Depending on how you use Buffer, you will be exposed to different risks. We discuss them here:

Risk to All Users

Smart Contract Risks:

Smart contract risks: audits, bug bounties, and internal testing mitigate systemic risks, it is still important to always DYOR and be cautious of risks with any smart contract or decentralized application or complex systems;
  • As users' funds' security is our highest priority, our team follows a highly rigid internal code review process to ensure our codes are secure.
  • Our contracts have also gone through an extensive security audit as an additional layer of security to ensure that our are codes independently verified as secured by cybersecurity professionals.

Risk to BLP Depositors

Accrual of Losses from Traders' Profits

As the liquidity in BLP acts as the counterparty to the traders at Buffer, the fund profits when traders, as a group, accrue losses from trading.
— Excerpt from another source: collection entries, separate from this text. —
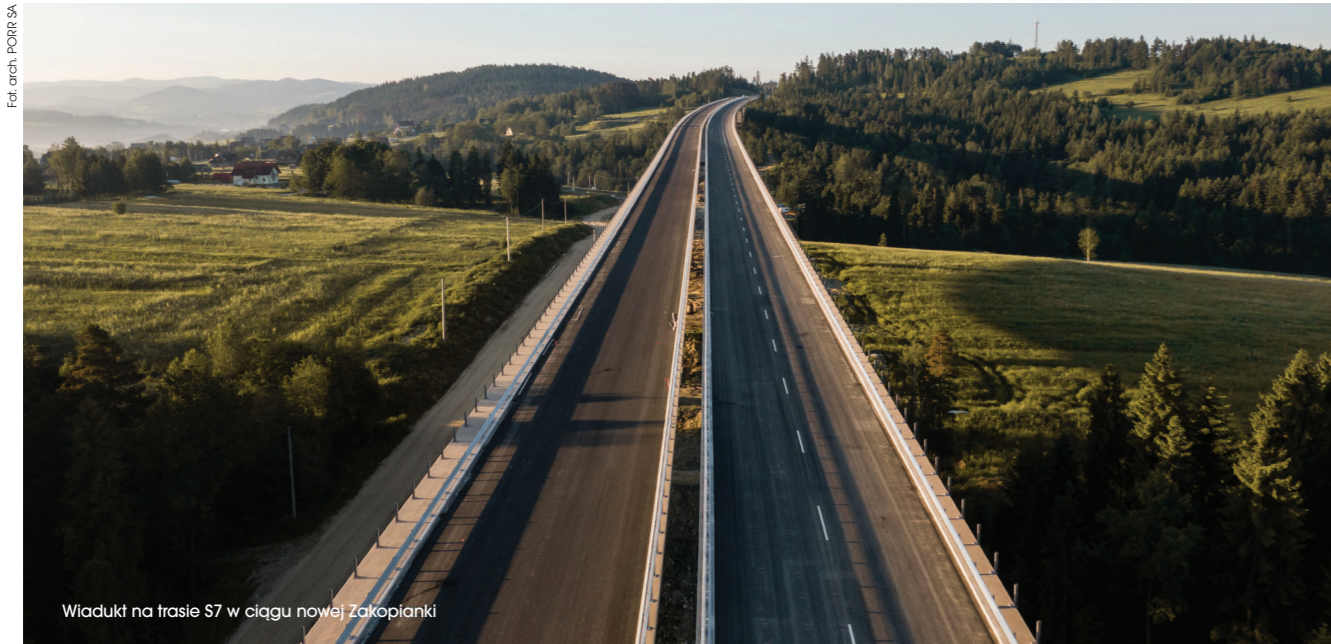
Wiadukt na trasie S7 w ciągu nowej Zakopianki
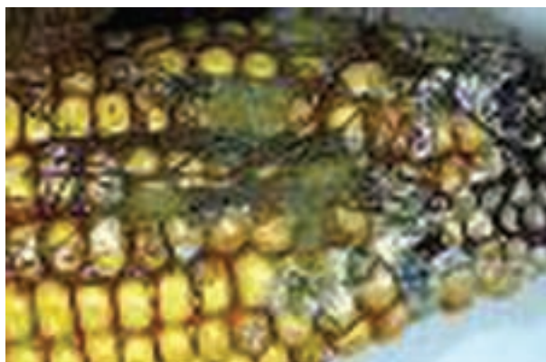
شکل ۴-۶- بلال کپک زده

۱-۴-۶- قارچ کش ها و روش های استفاده از آنها : جداسازی و تمیز کردن، اولین اقدام برای کنترل مواد آلوده به شمار می رود. در مرحله بعد و در صورت وجود آلودگی از قارچ کش ها استفاده نمایید.
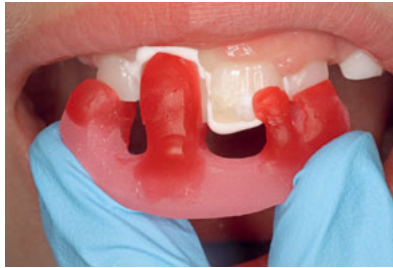
Abb. 7 Anprobe von Positionierungsschlüssel und Fließsilikonprobe zur Passungskontrolle.

By the same token, BLP also accrues losses when traders accrue profits, making BLP depositors the direct party to absorb the losses.
  • We have implemented multiple mechanics to safety parameters to protect the depositors of the BLP vault from taking on taking on too many risks. More details here.
  • In addition, based on the historical data of other decentralized vAMM-based trading protocols, traders, as a group, tend to make a loss over time.
    • Traders on GMX have accrued a total of $45mn in losses since the protocol inception (Aug '21 - Sep '22) or roughly 12.5% of the market-making liquidity.
    • Traders on Gains Network have accrued a total loss of $3.5Mn (Oct '21 - Sep '22) or roughly 35% of their market-making liquidity.
    However, as our liquidity deepens through the BLP surge, and we attract more users, our protection mechanisms will become more robust, making the depositors less susceptible to anomalies.